[To do] Take the line containing "Darts toll és" and every line after it to the end of the records, and copy them exactly, excluding pictures.

(Extracted data Opens)

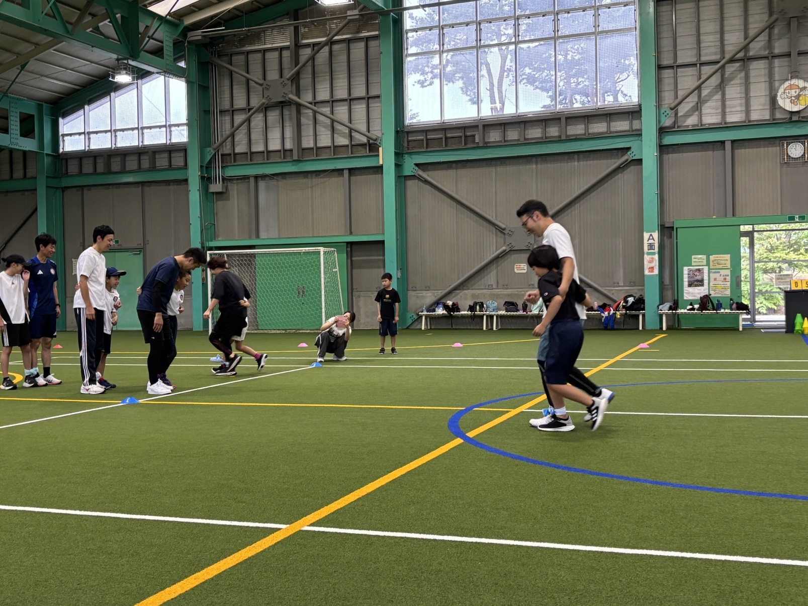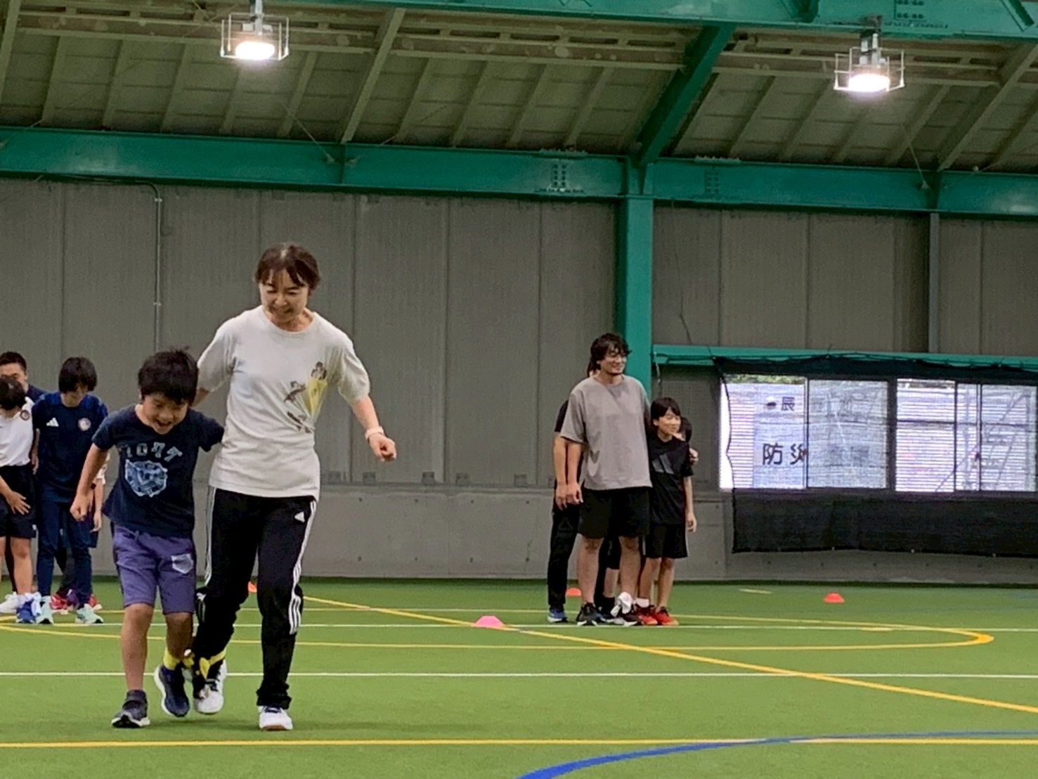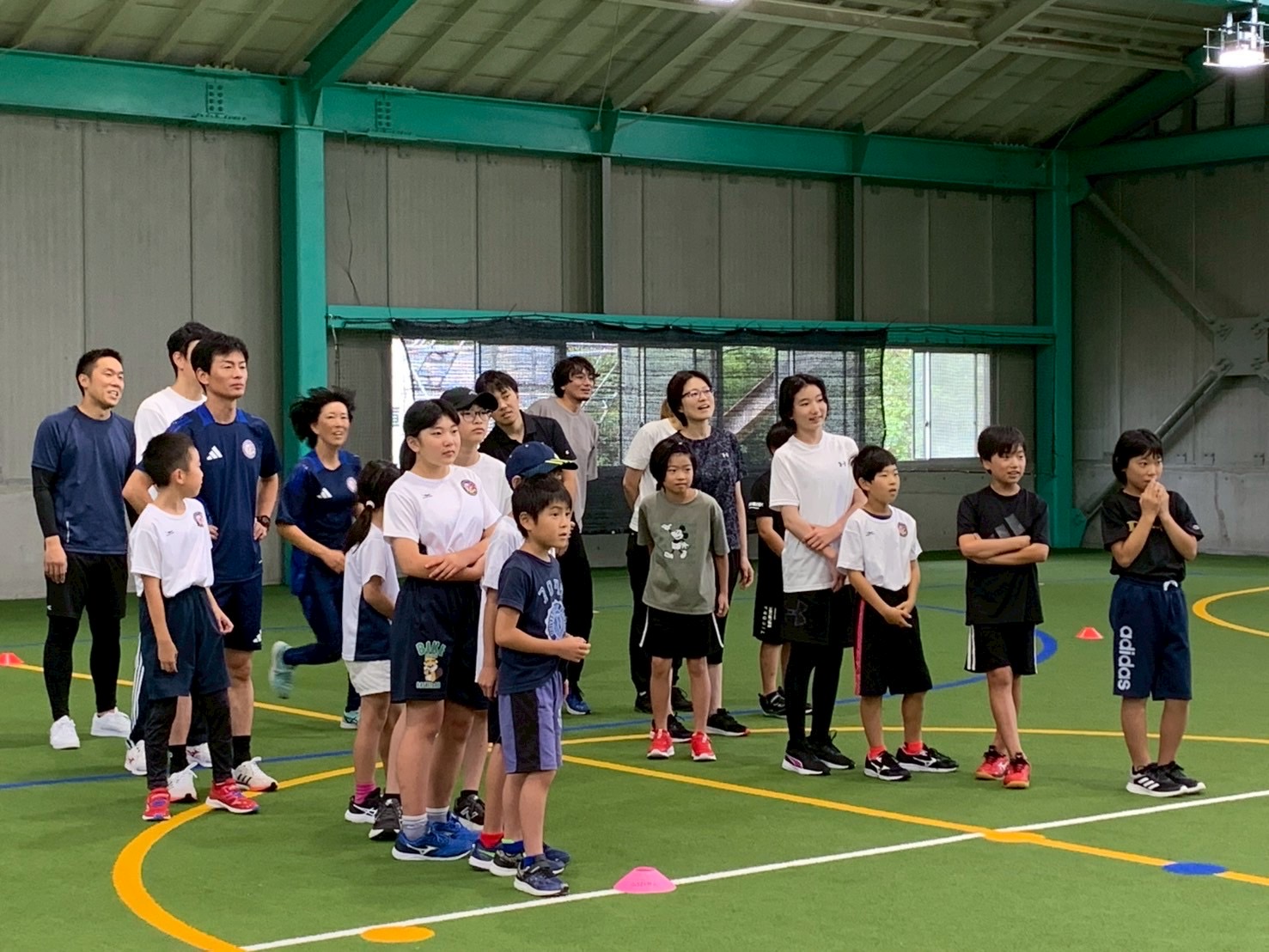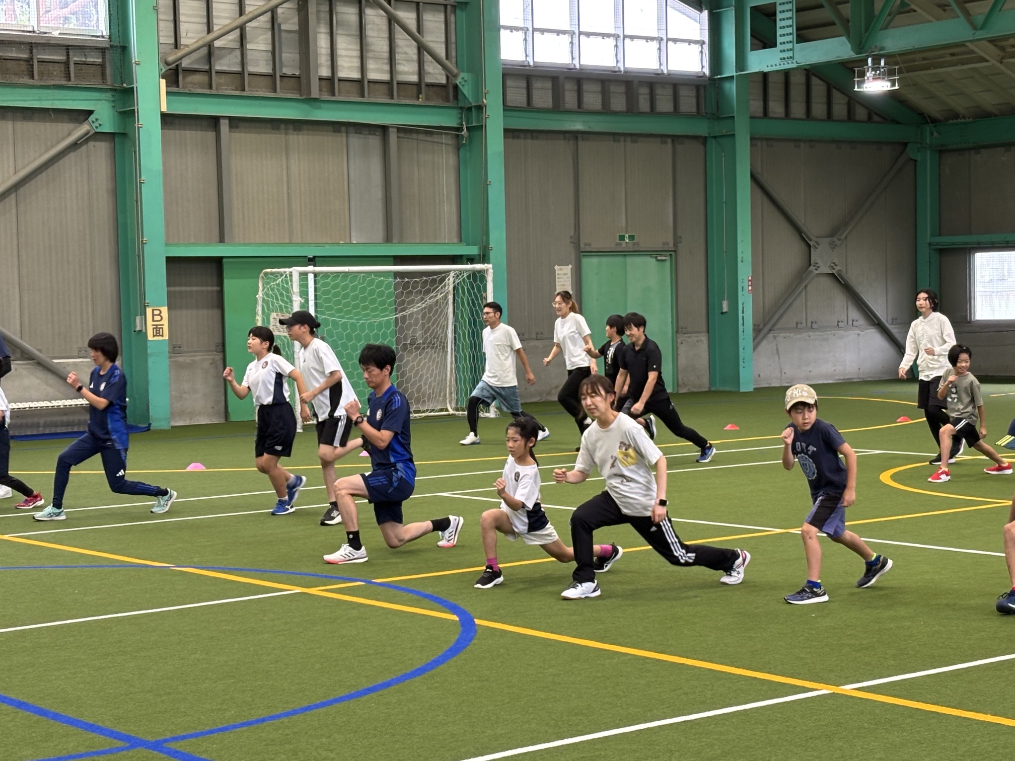 まずは、いつも練習時にやっているウォーミングアップを保護者の皆さんにも体験していただきました。ケガの予防だけでなく、パフォーマンス向上のため、大切にしている部分を説明しながら念入りに行いました。
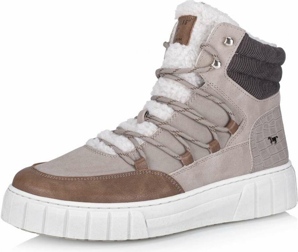 Dámské zimní boty značky MUSTANG, které Vás zahřejí na každém kroku. Kombinace barevného svršku a huňatého jazyku vytváří stylový design kotníků, které budou skvělým doplňkem k Vašim outfitům. Měkká stélka a zateplená podšívka Vás budou doprovázet celý den. Tyto kotníky jsou ideální volbou do mrazivého počasí.
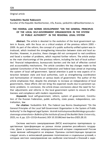 Статья посвящена эволюции системы местного самоуправления в России с акцентом на критический анализ предыдущей реформы, проведенной в период с 2003 по 2009 год. В рамках реформы была внедрена концепция единой системы публичной власти, которая предполагала укрепление взаимодействия между государственной и местной властью. Однако на практике эти изменения не соответствовали реальным условиям и столкнулись с рядом проблем, что потребовало дальнейшего реформирования. В статье анализируются основные недостатки предыдущей реформы, включая недостаточную финансовую самостоятельность местных органов, бюрократические барьеры и отсутствие эффективных механизмов контроля и подотчетности. Рассматриваются ключевые изменения, внесенные в обновленную Конституцию Российской Федерации и федеральные законы, направленные на улучшение системы местного самоуправления. Особое внимание уделяется новым аспектам взаимодействия между государственной и местной властью, таким как усиление координации и гармонизация интересов на различных уровнях управления. Автор статьи подчеркивает, что, несмотря на попытки повысить самостоятельность местных органов самоуправления, эти усилия не принесли ожидаемых результатов из-за сохраняющихся системных проблем. В заключение статьи делаются выводы о необходимости дальнейших корректировок и реформ в системе местного самоуправления для обеспечения ее эффективности и соответствия современным требованиям.
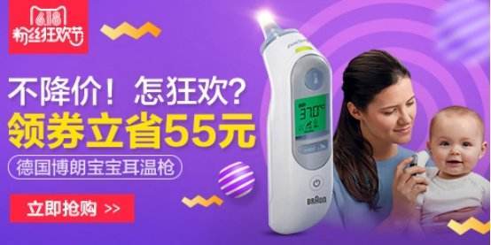 官方授权+行货品质+媲美海外的价格,让 centurymall海外旗竖法栋舰店 的业绩仅一年就成功取得天猫母婴类TOP20的排名。在去年的双11活动中更是创下一天销售过万台的产品业绩。于是在今年的天猫粉丝狂欢节, centurymall海外旗舰店 给予广大粉丝更大的活动回馈,不但全场商品低至3折,更有 博朗耳温枪IRT6520系列最低24 3 元就能买到手 的大血拼活动 ,比日常售价328元 足足 直降8 5 元!
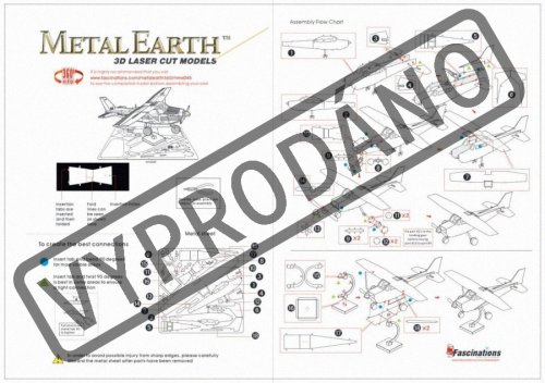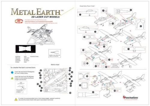 Jednotlivé díly vyjměte z kovových plátků, v případě potřeby použijte malé štípací nůžky (nejsou součástí). Dílky se spojují k sobě pomocí zámků tvořených úchytem (zobáčkem) a otvorem. Zobáček ohněte pomocí malých tenkých kleští (nejsou součástí) a postupně spojte všechny zámky až vznikne velmi realistický mistrovský kousek!
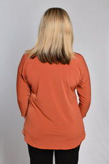 Upgrade your casual style with this 3/4 sleeve top in Rust. Designed using a lightweight microfibre jersey for superior softness. This women's top is relaxed and comfortable fit, making it easy to wear with palazzo pants, jeans, leggings, or a classic capri. You'll love the fit of the magyar cut sleeve, attractive v neck and curved hemline— it’s the perfect top for creating fashionable layers this season!
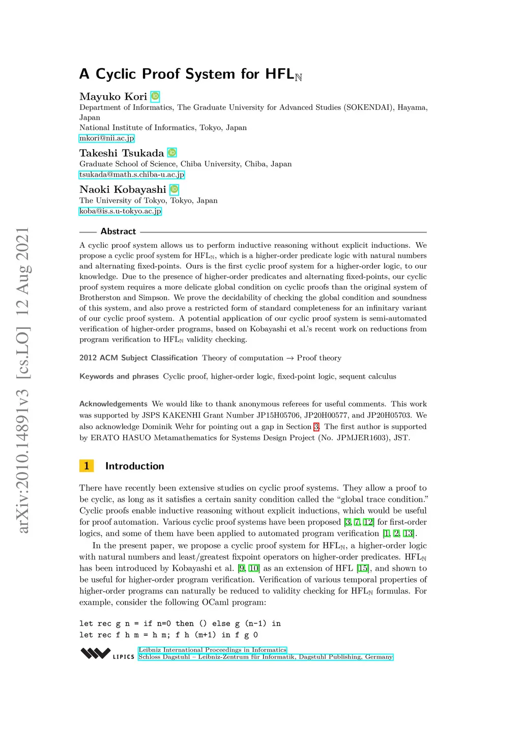 A cyclic proof system allows us to perform inductive reasoning without explicit inductions. We propose a cyclic proof system for HFLN, which is a higher-order predicate logic with natural numbers and alternating fixed-points. Ours is the first cyclic proof system for a higher-order logic, to our knowledge. Due to the presence of higher-order predicates and alternating fixed-points, our cyclic proof system requires a more delicate global condition on cyclic proofs than the original system of Brotherston and Simpson. We prove the decidability of checking the global condition and soundness of this system, and also prove a restricted form of standard completeness for an infinitary variant of our cyclic proof system. A potential application of our cyclic proof system is semi-automated verification of higher-order programs, based on Kobayashi et al.'s recent work on reductions from program verification to HFLN validity checking.
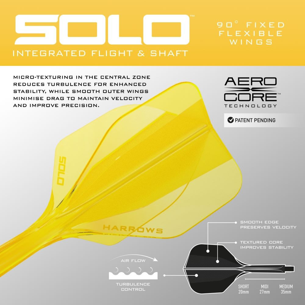 Darts toll és szár egyben Harrows Solo citromsárga, No6 toll és rövid szár
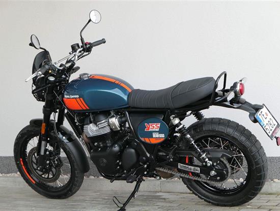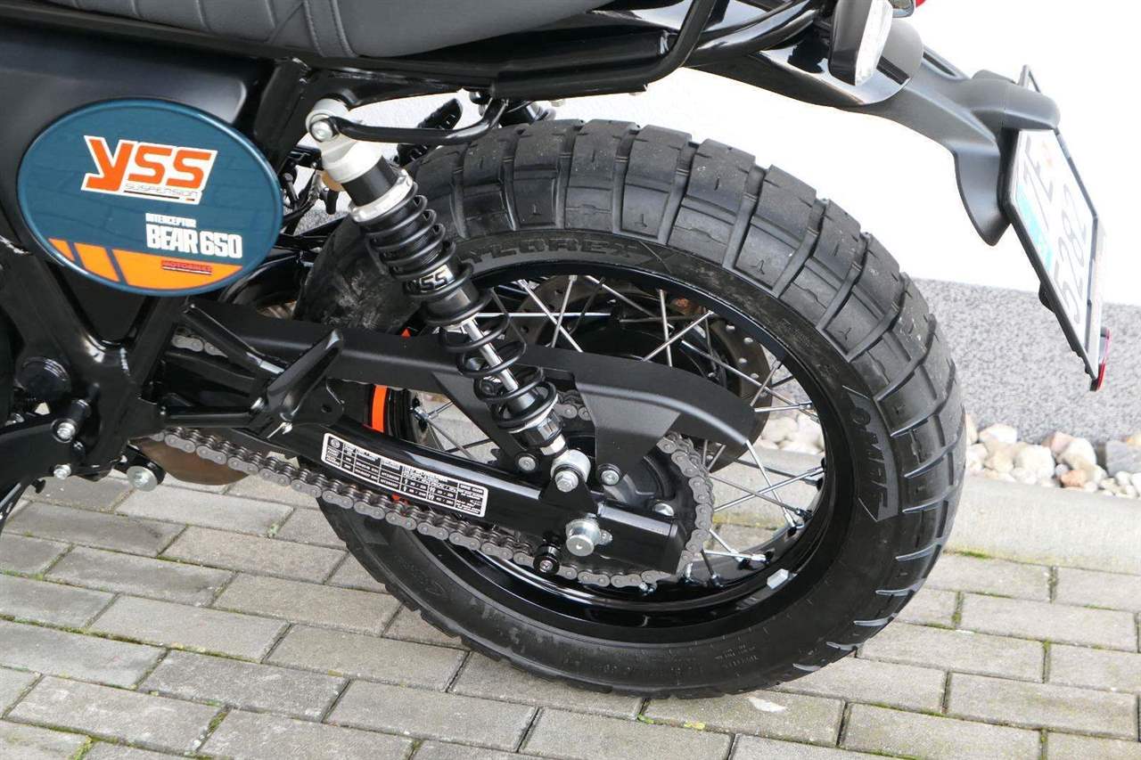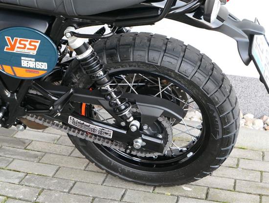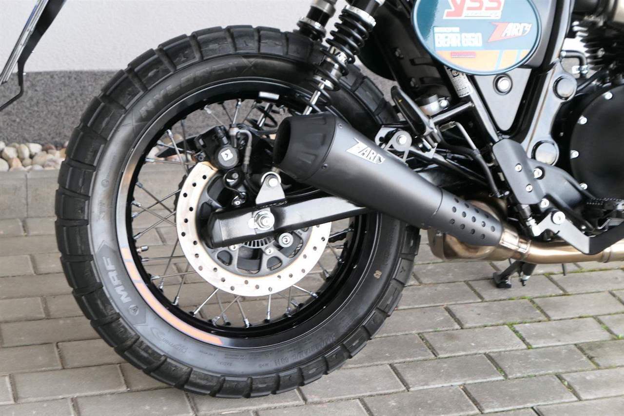 Silniční scramler s duší šedesátých let. Bear 650 ztělesňuje ducha šestnáctiletého nováčka, který se v roce 1960 seřadil vedle stovek spálených nadějí, všichni hladoví po vítězství v nejdivočejším závodě, jaký kdy kalifornská poušť znala - Big Bear Run.

(Extracted data Closes)

[Answer for the task]
 Darts toll és szár egyben Harrows Solo citromsárga, No6 toll és rövid szár
 Silniční scramler s duší šedesátých let. Bear 650 ztělesňuje ducha šestnáctiletého nováčka, který se v roce 1960 seřadil vedle stovek spálených nadějí, všichni hladoví po vítězství v nejdivočejším závodě, jaký kdy kalifornská poušť znala - Big Bear Run.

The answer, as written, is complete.